What is the economy's "underlying potential" anyway? It's the level of aggregate real GDP that we could achieve if, within the set of feasible economic policies, policymakers were to choose the policy that maximizes aggregate economic welfare. The HP trend is no more a measure of potential than is a linear trend fit to the data. The HP trend was arrived at through a purely statistical procedure. I did not use any economics to arrive at the two charts above - only a few lines of code. How then could the HP trend be a measure of potential GDP?
To measure potential GDP requires a model. The model will define for us what "feasible economic policies" and "aggregate economic welfare" are. If we used Kydland and Prescott's procedure, above, we might construct a model, calibrate and simulate it, and argue that the model produces time series that fit the actual data. We might then feel confident that we have a good model, and use that model to measure potential output. Maybe the model we fit to the data is a Keyesian model, which implies an active role for monetary and fiscal policy.
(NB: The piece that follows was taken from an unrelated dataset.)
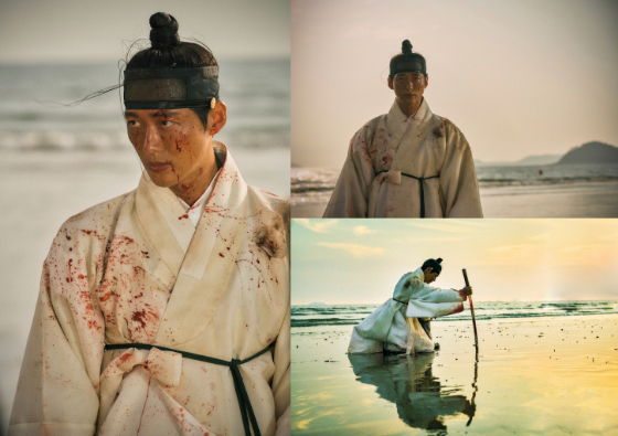 공개된 사진 속 이장현은 피투성이가 된 채 바닷가에 홀로 있다. 긴 칼을 바닥에 지탱한 채 힘겹게 일어서거나, 어딘가를 뚫어지게 응시하며 달려드는 모습이 인상적이다. 여기에 얼굴은 물론 옷 전체에 튄 붉은 핏방울, 상투 밖으로 흐트러진 머리칼이 이장현이라는 인물이 병자호란 전쟁 풍화 속에서 어떤 고난과 고초를 겪는지, 어떤 파란만장한 운명을 사는지 짐작하게 한다.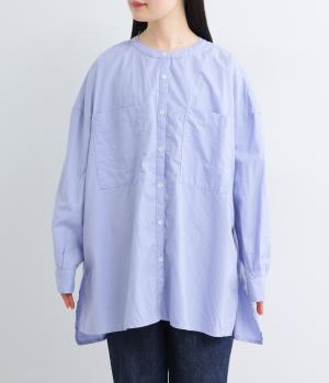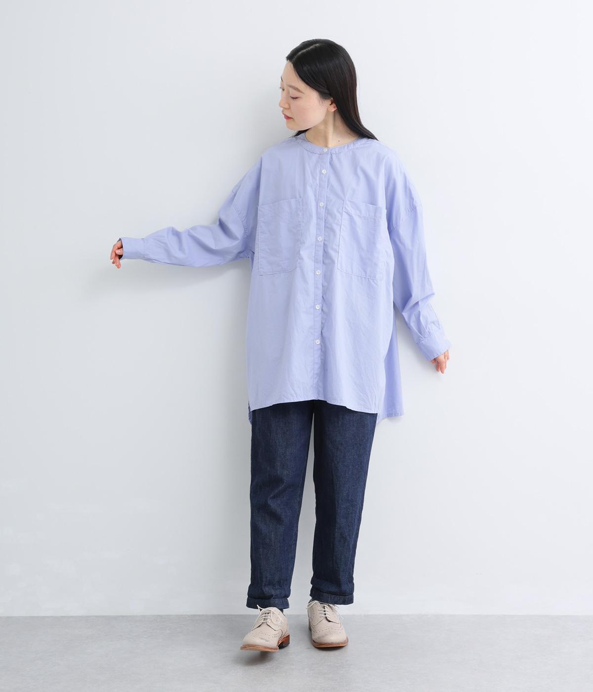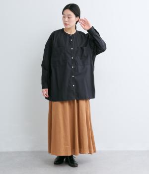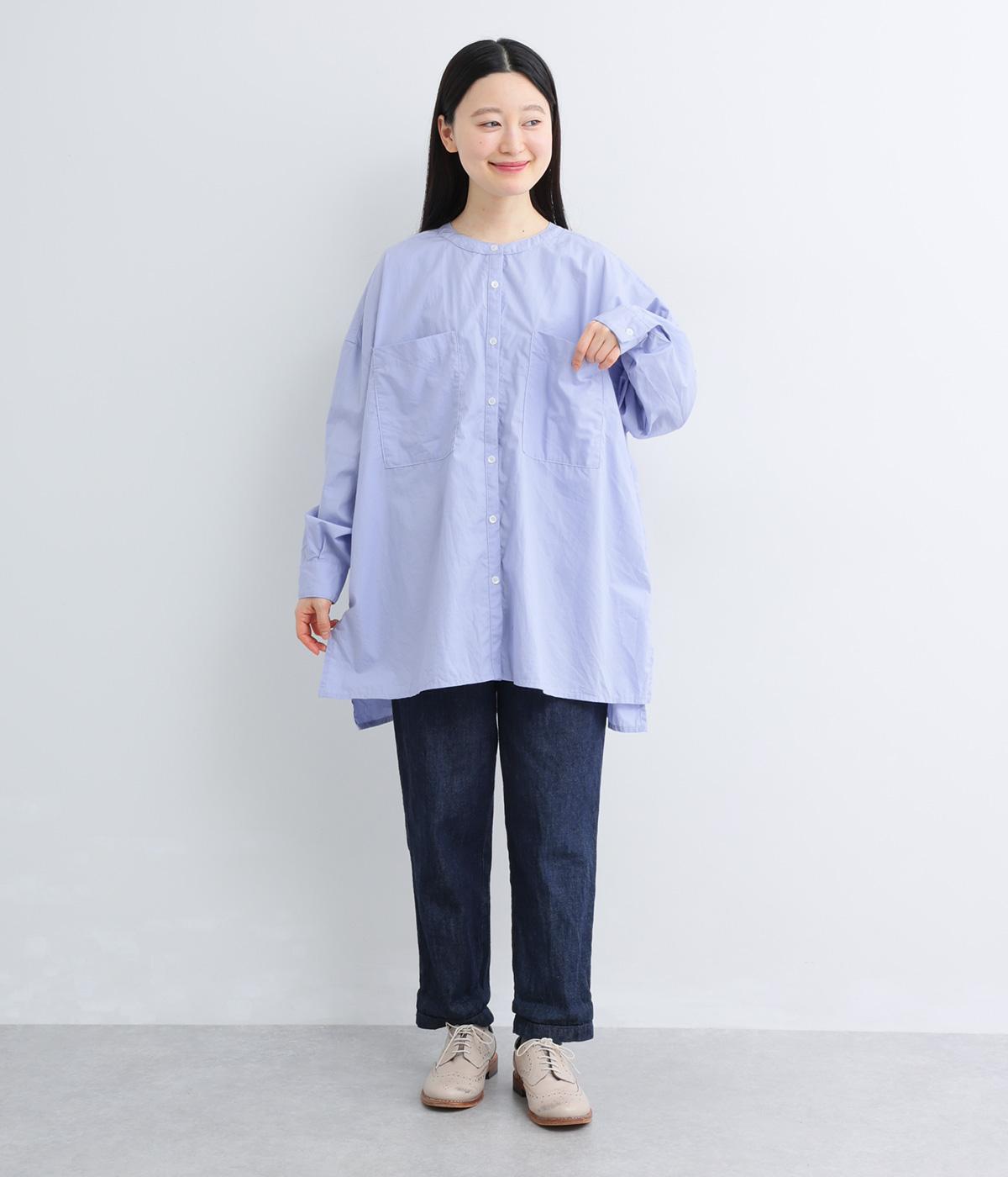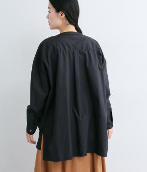 前面に配した大きなポケットがアクセントを添えています。腰まわりをカバーするゆったりとしたシルエットで、リラックス感のある着心地です。首元はバンドカラーですっきりとバランスよく仕上げました。

Maybe it's a model with a well-articulated banking and financial sector, with an explicit role for monetary policy.
If the model is Kydland and Prescott's, there is a clear answer to what potential is - it's actual GDP (and certainly not the HP trend). That model doesn't have a government in it, and was not intended for thinking about policy. What Kydland and Prescott's work does for us, though, is to allow us to consider the possibility that, for some or all business cycle events, there may be nothing we can or should do about them.
But how should we think about potential GDP in the current context? In the second chart above, one curious feature of the deviations from the HP trend is that the most recent recession (deviation from trend close to -4%) appears to be less severe than the 1981-82 recession (deviation from trend close to -5%). This may not be consistent with what we know about the last recession from looking at other data. The next chart shows the log of real GDP and the HP trend since 2000.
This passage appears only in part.